> [Your assignment]:
Below are records with pictures. Reproduce exactly the lines from the line with "위 코드를 그대로 복사해서" to the line with "Zarządzenie 9/2014 w", inclusive, and leave each picture out.

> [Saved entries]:
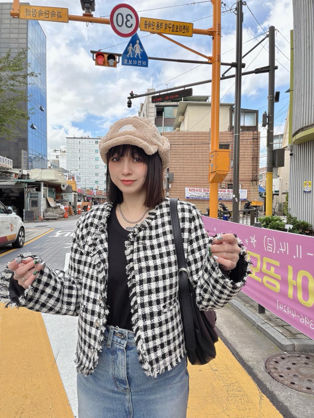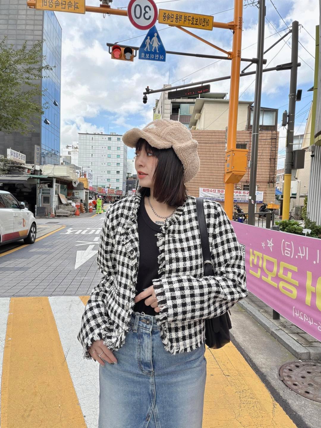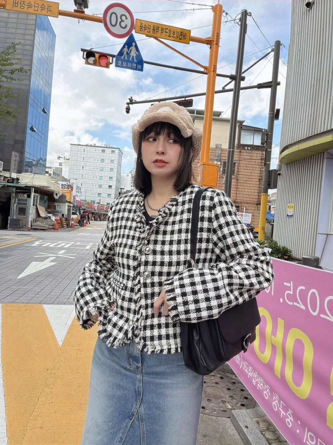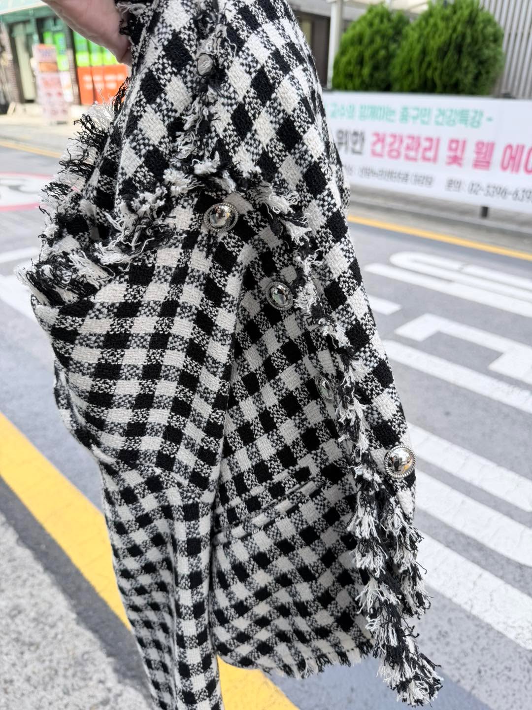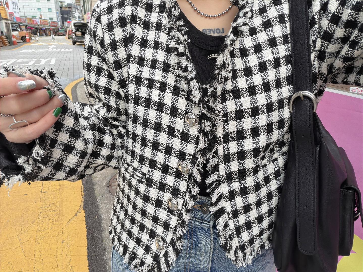 而在這件在領口、袖口、下襬都做了毛邊設計,讓整體更有街頭混法式的高級感。
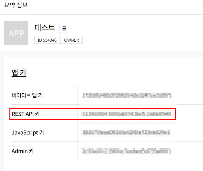 위 코드를 그대로 복사해서 붙여넣으시면 실행이 제대로 안 될 것입니다. 실행이 되게 하려면 REST API KEY가 필요합니다. 카카오 앱 키의 REST API KEY를 얻는 방법은 다음과 같습니다.
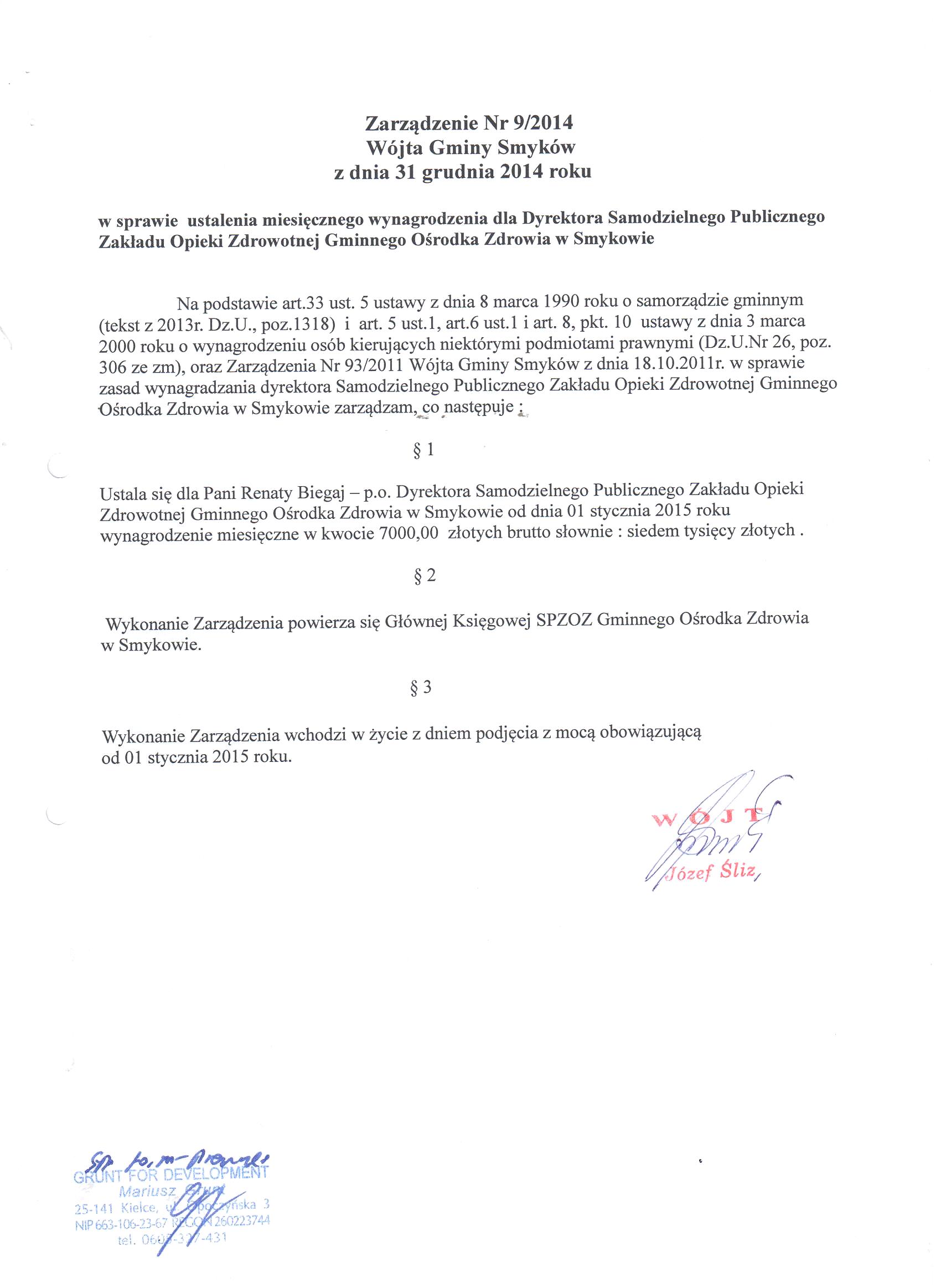Zarządzenie 9/2014 w sprawie ustalenia miesięcznego wynagrodzenia dla Dyrektora Samodzielnego Publicznego Zakładu Opieki Zdrowotnej Gminnego Ośrodka Zdrowia w Smykowie |
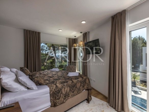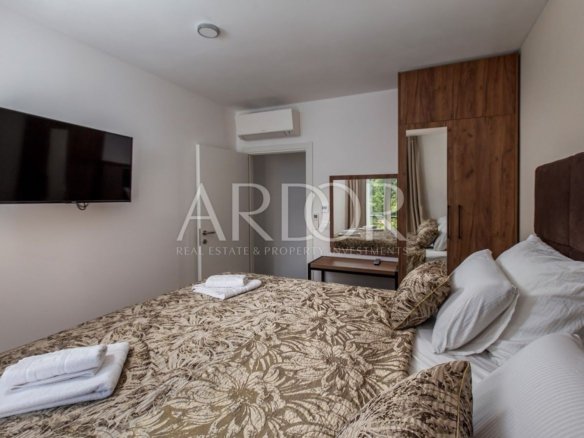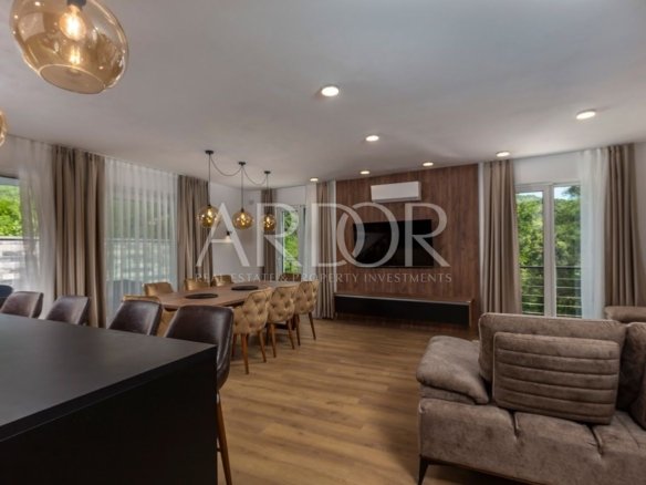 Wir haben in unserem Angebot ein neu gebautes Doppelhaus – eine Villa mit einer Fläche von 201 m2, in unmittelbarer Nähe von Mošćenička Draga. Diese Villa ist Teil eines Komplexes bestehend aus insgesamt drei Villen. Das Haus erstreckt sich über drei Etagen: Keller, Erdgeschoss und erster Stock. Im Keller gibt es einen Raum für Entspannung und Unterhaltung – Wohlbefinden, sowie einen Maschinenraum für den Haushaltsbedarf und ein Badezimmer. Das Erdgeschoss ist für Wohnzimmer, Küche, Esszimmer und ein weiteres Badezimmer reserviert. Eine Innentreppe führt in den ersten Stock, wo sich drei geräumige Schlafzimmer mit jeweils eigenem Bad befinden. Zusätzlich zum Innenraum bietet das Haus auch einen wunderschön angelegten Garten mit einem 36 m² großen Swimmingpool. Dank ihrer günstigen Lage bietet die Terrasse einen außergewöhnlichen Blick auf das Meer und den wunderschönen Pinienwald. Beim Bau dieser Villa wurde Wert auf einen hohen Qualitätsstandard gelegt, der ein komfortables und luxuriöses Wohnen gewährleistet. Das Haus ist komplett dekoriert und möbliert und mit einem modernen Videoüberwachungssystem ausgestattet. Die Villa verfügt über eine Fußbodenheizung mit dem Daikin-System und Klimaanlagen in allen Räumen. Diese Immobilie wird komplett möbliert verkauft, sodass Sie sofort einziehen und Ihr neues Zuhause genießen können.
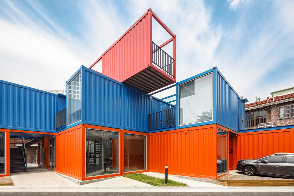 대학교와 인접한 주거지는 아주 옛날부터 학교 조성을 위한 옹벽으로 단절된 상태이다. 상권의 확장과 무분별한 숙박촌의 양산으로 주민과 학생들은 다소 삭막한 길을 매일 거닐고 있다. 이곳에 수출입용 컨테이너를 활용한 건축으로 새로운 형태의 가로풍경을 만들었다. 또 사이사이 열린 외부공간과 테라스를 계획하여 만남과 휴식의 장소를 제공하였다.
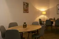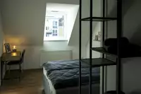 In unserer Unterkunft erwarten dich 10 gemütliche Zimmer, in denen du dich vom ersten Moment an wohlfühlst. Jedes Zimmer verfügt über ein eigenes Bad mit Dusche und WC sowie über Handtücher, Bettwäsche, Seife, Toilettenpapier, TV, Heizung, Internet, Föhn, Shampoo, einen praktischen Arbeitsplatz und einen Esstisch.Im großzügigen Gemeinschaftsraum lädt eine voll ausgestattete Küche mit mehreren Esstischen, Kaffeemaschine und allem, was du für gemeinsame Mahlzeiten brauchst, zum Verweilen ein.
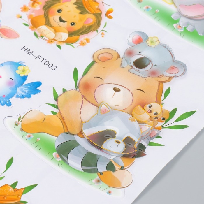 Наклейка пластик многослойная "Зверята и транспорт" 50х35 см
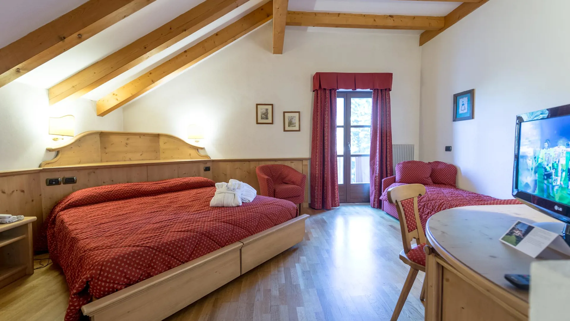Al Park Hotel Sport potete scegliere tra 6 tipologie di camere: tutte con parquet in legno, TV, cassaforte, frigobar, telefono, phon, balcone, accappatoi per il centro benessere e servizio di pulizia al mattino e ripasso serale.
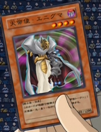 Unfortunately, Aster's time inside is short-lived as he's kicked out shortly after. Inside (what looks to be) Sheppard's office, Jaden and Hassleberry appear to be watching some kind of kids program when Crowler and Bonaparte arrive, asking what they are doing here. The Slifer Red Dorm has no TV and both Jaden and Hassleberry didn't want Sheppard's widescreen TV to go to waste. They flip the channel to find that The D, who turns out to be Aster's stepfather. Aster flashes back to his childhood with The D and his younger self asks The D to teach him how to duel. At the Kaiba Dome, home of the dueling site, the announcer introduces the challenger as Doctor Collector and, of course the champion, The D. The D draws and plays Enigma the Creator (1200) in Defense Mode and 1 card face down to end his turn. Doctor Collector (whom I'll now call DC) was hoping he'd say that and draws, playing Dimensional Fissure, removing from play any monsters normally sent to the Graveyard. Next he plays Graceful Charity to draw 3 cards, then discard 2, both of which are monsters so they get RFG.

> [Exercise solution]:
 위 코드를 그대로 복사해서 붙여넣으시면 실행이 제대로 안 될 것입니다. 실행이 되게 하려면 REST API KEY가 필요합니다. 카카오 앱 키의 REST API KEY를 얻는 방법은 다음과 같습니다.
Zarządzenie 9/2014 w sprawie ustalenia miesięcznego wynagrodzenia dla Dyrektora Samodzielnego Publicznego Zakładu Opieki Zdrowotnej Gminnego Ośrodka Zdrowia w Smykowie |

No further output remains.